À la tête de l’un des royaumes signataires de la déclaration unilatérale de souveraineté, le grand chef ne cache rien : il rejette les institutions démocratiques, ne croit plus aux compromis et veut restaurer l’autorité absolue des chefferies.
Quarante-quatre royaumes auraient déjà signé cette déclaration, instaurant une autorité parallèle, avec tribunaux traditionnels, police coutumière, gouvernance clanique. Le terme même d’État kanak est revendiqué, mais en rupture avec le modèle occidental : pas d’élections, pas de pluralisme, une hiérarchie coutumière centrale, appuyée sur les clans.
Ce projet, qualifié de « retour aux racines », s’attaque aux fondements mêmes du modèle républicain calédonien. Il ambitionne de réorganiser l’ensemble du territoire, en imposant des logiques foncières et coutumières au-dessus du droit commun.
Le discours est clair : l’identité kanak passe avant la cohabitation communautaire, avant l’économie, avant le dialogue. Il ne s’agit plus de « rééquilibrage », mais d’un changement de régime.
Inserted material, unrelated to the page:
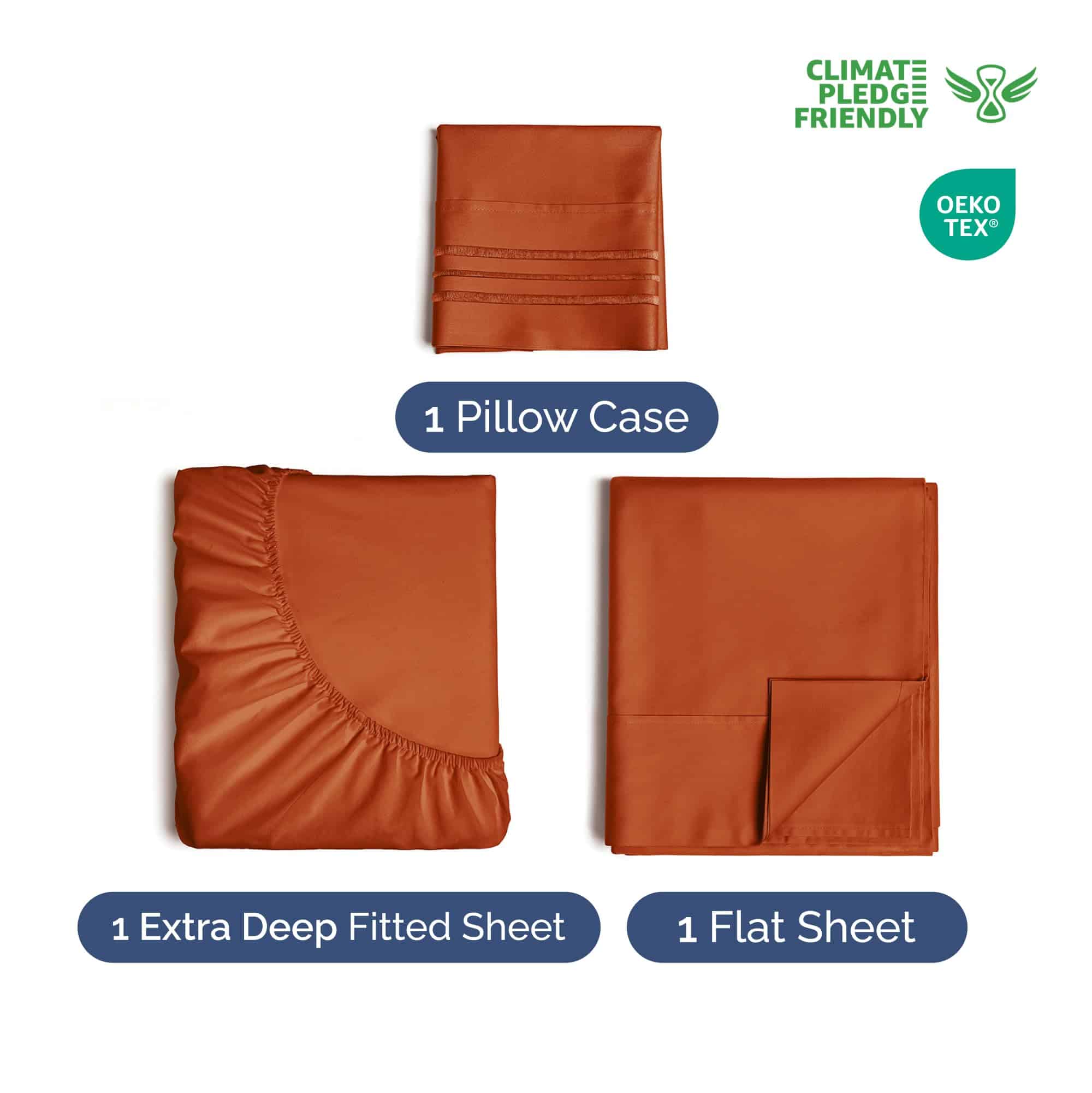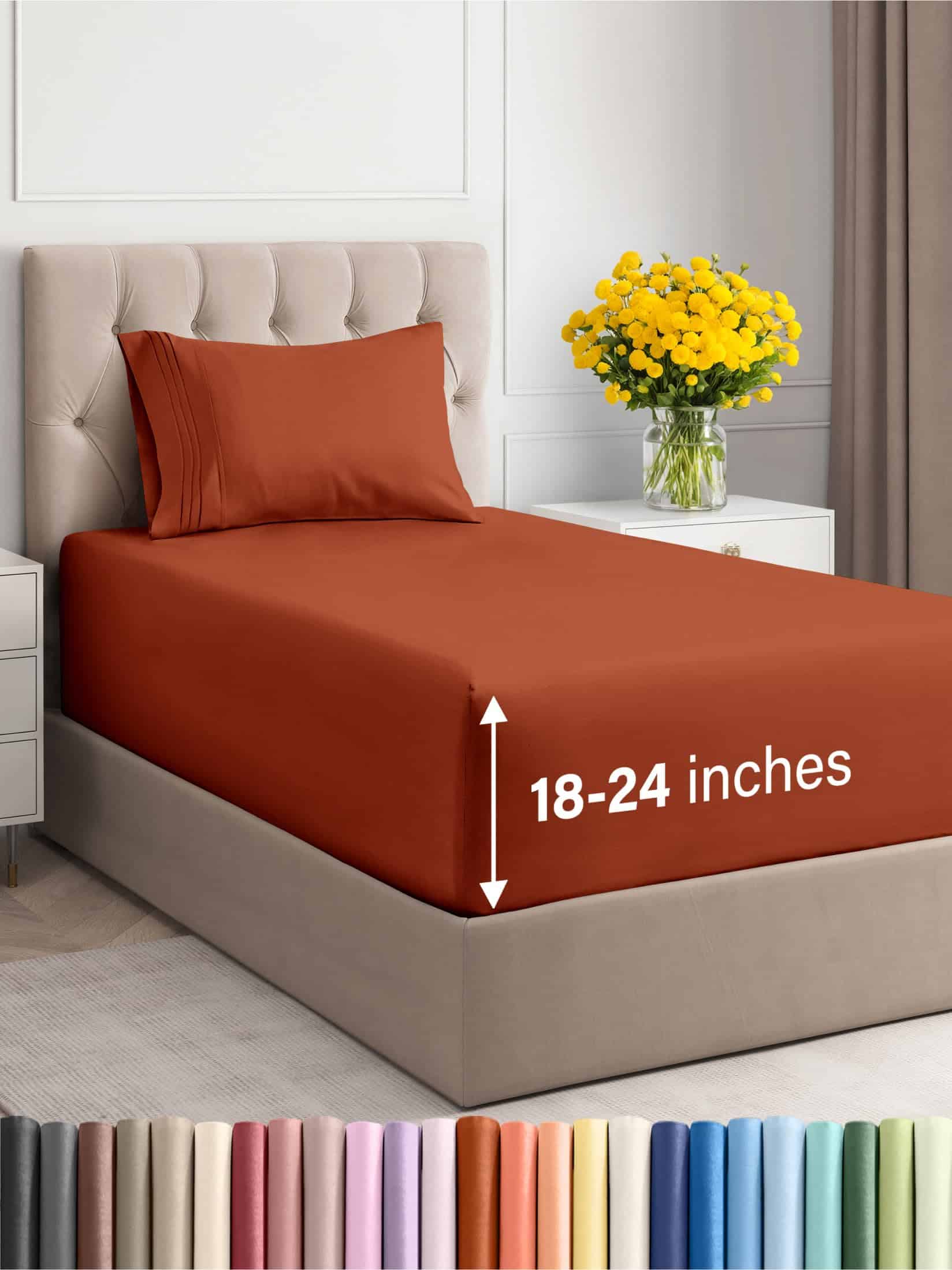 Juego de Sábanas Extra Profundas Twin -Terracota

Décolonisation, terres, chefferies : la revanche des clans déplacés
Derrière ce discours radical, une revendication historique ressurgit : les clans déplacés par la colonisation. Selon le grand chef, avant tout projet politique, il faut régler « la dette coloniale » : rendre les terres, redessiner les chefferies, réparer les humiliations d’hier.
Pour lui, la décolonisation n’est pas un processus juridique ou administratif. C’est une reconstruction identitaire, une réinstallation symbolique des puissances traditionnelles. Et cela ne peut se faire qu’avec l’État français.
L’histoire se passe avec la colonisation. On est en train de décoloniser. Et c’est à la France qu’on doit parler, insiste-t-il.
Mais la parole est à sens unique : pas d’ouverture à ceux qui contestent le projet, même à l’intérieur du monde kanak. Les loyalistes kanak sont marginalisés, interdits de déplacement à Maré, dans un geste politique controversé.
Ce n’est pas une atteinte à la liberté d’expression, répond-il. Mais les blessures sont trop récentes. Des familles n’ont pas fait leur deuil.
L’interdiction vise donc les signataires loyalistes de l’accord, responsables selon lui de la révolte de 2024.
Les déclarations des clans de Maré ont fait bondir le représentant de l’État, qui, dans un communiqué de presse diffusé ce mercredi 6 août, a rappelé que les libertés fondamentales ne sont pas que des notions philosophiques, mais bien une réalité démocratique, et qu’il fera tout pour les faire respecter, jusqu’à sanctionner toute autorité qui les piétinerait.
L’internationale des peuples autochtones… via l’Azerbaïdjan
Pour renforcer ce projet de souveraineté coutumière, les signataires ont adhéré au Groupe d’initiative de Bakou, un organisme international lié à l’Azerbaïdjan. Une décision qui interroge, tant le régime de Bakou est dénoncé pour ses atteintes aux droits de l’homme.
Mais là encore, le chef assume :
On ne travaille pas avec l’Azerbaïdjan, mais avec une structure qui soutient les peuples en décolonisation.
Objectif : porter le projet kanak à l’international, en contournant les blocages institutionnels. L’ONU n’ayant jamais reconnu la déclaration unilatérale, l’axe de Bakou représente une stratégie d’escalade diplomatique, dans un face-à-face de plus en plus tendu avec Paris.
Le paradoxe est criant : d’un côté, les chefs revendiquent l’accompagnement de l’État français dans le processus de décolonisation ; de l’autre, ils s’en remettent à un réseau autoritaire et contesté, pour faire avancer leur cause. La rupture semble de plus en plus idéologique.
Ce n’est pas seulement un projet politique, mais une refondation civilisationnelle, reposant sur la primauté des traditions, la fermeture à la démocratie, et la création d’un État monarchique coutumier.
Le discours du grand chef marque une radicalisation sans précédent. En refusant la démocratie, en promouvant une monarchie clanique, il propose un autre avenir pour la Kanaky : hors des institutions républicaines, hors des accords, et même hors du droit français.
Le projet soulève des questions majeures : peut-on restaurer une souveraineté autochtone sans sombrer dans l’autoritarisme ? Peut-on effacer les crimes de la colonisation sans rejeter les valeurs démocratiques ?
Le choix est posé. Et il ne fait aucun doute : le grand chef veut régner, et non gouverner.